[[ Dataset, beginning ]]

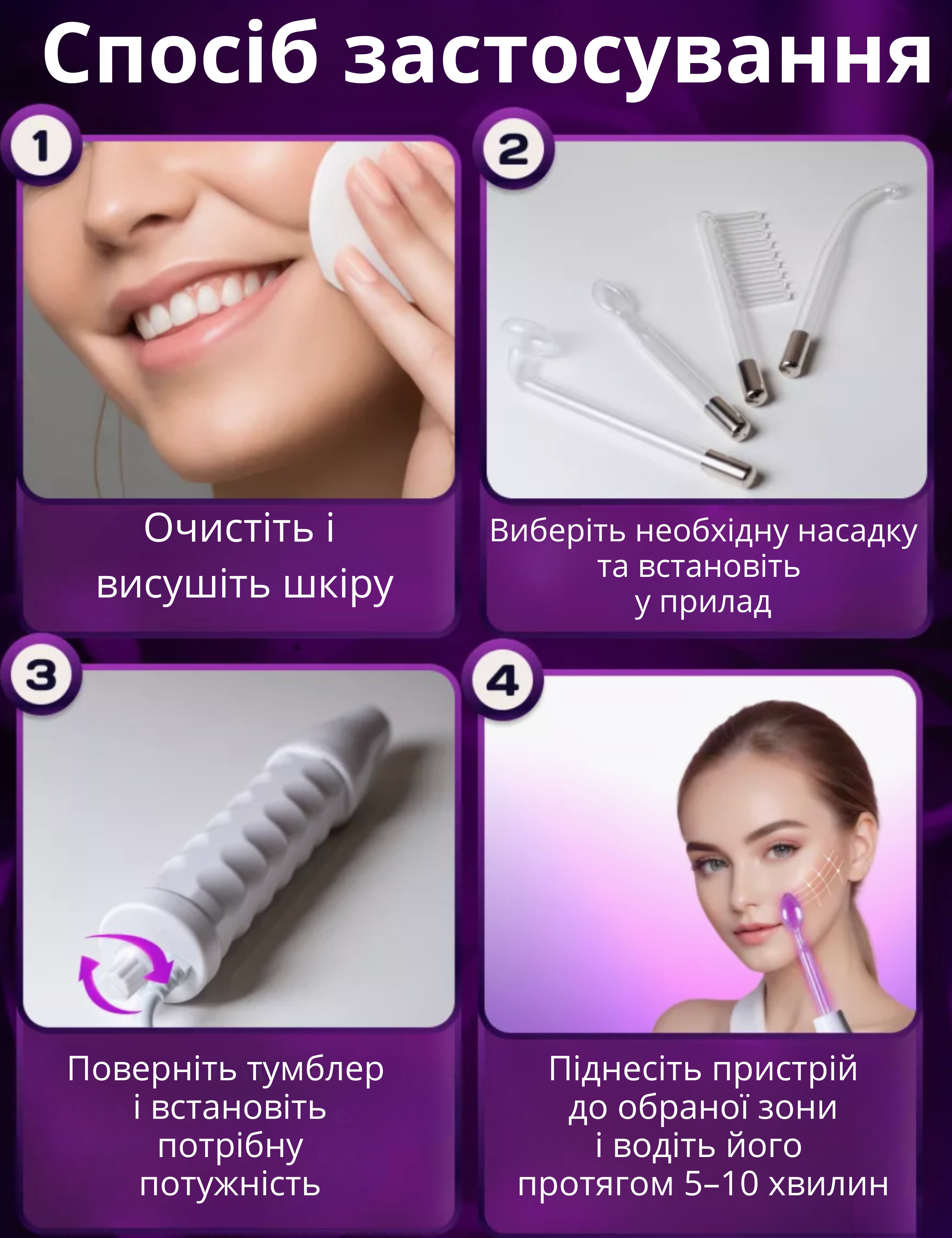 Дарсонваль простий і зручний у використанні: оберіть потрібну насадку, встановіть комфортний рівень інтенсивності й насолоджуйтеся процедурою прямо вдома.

[[ Dataset, end ]]
[[ Dataset, beginning ]]

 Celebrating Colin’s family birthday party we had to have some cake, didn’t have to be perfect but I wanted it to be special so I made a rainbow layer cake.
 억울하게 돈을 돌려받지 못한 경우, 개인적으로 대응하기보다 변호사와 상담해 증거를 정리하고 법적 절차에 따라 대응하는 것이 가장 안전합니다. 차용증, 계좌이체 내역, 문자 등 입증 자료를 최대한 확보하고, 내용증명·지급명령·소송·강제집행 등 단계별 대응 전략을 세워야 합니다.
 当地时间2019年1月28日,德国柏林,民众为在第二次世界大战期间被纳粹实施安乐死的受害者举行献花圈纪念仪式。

[[ Dataset, end ]]

▶ Problem to solve
The output should be exactly the lines above from the line containing "억울하게 돈을 돌려받지" to the line containing "当地时间2019年1月28日", inclusive, with no other lines.

▶ Completed task
 억울하게 돈을 돌려받지 못한 경우, 개인적으로 대응하기보다 변호사와 상담해 증거를 정리하고 법적 절차에 따라 대응하는 것이 가장 안전합니다. 차용증, 계좌이체 내역, 문자 등 입증 자료를 최대한 확보하고, 내용증명·지급명령·소송·강제집행 등 단계별 대응 전략을 세워야 합니다.
 当地时间2019年1月28日,德国柏林,民众为在第二次世界大战期间被纳粹实施安乐死的受害者举行献花圈纪念仪式。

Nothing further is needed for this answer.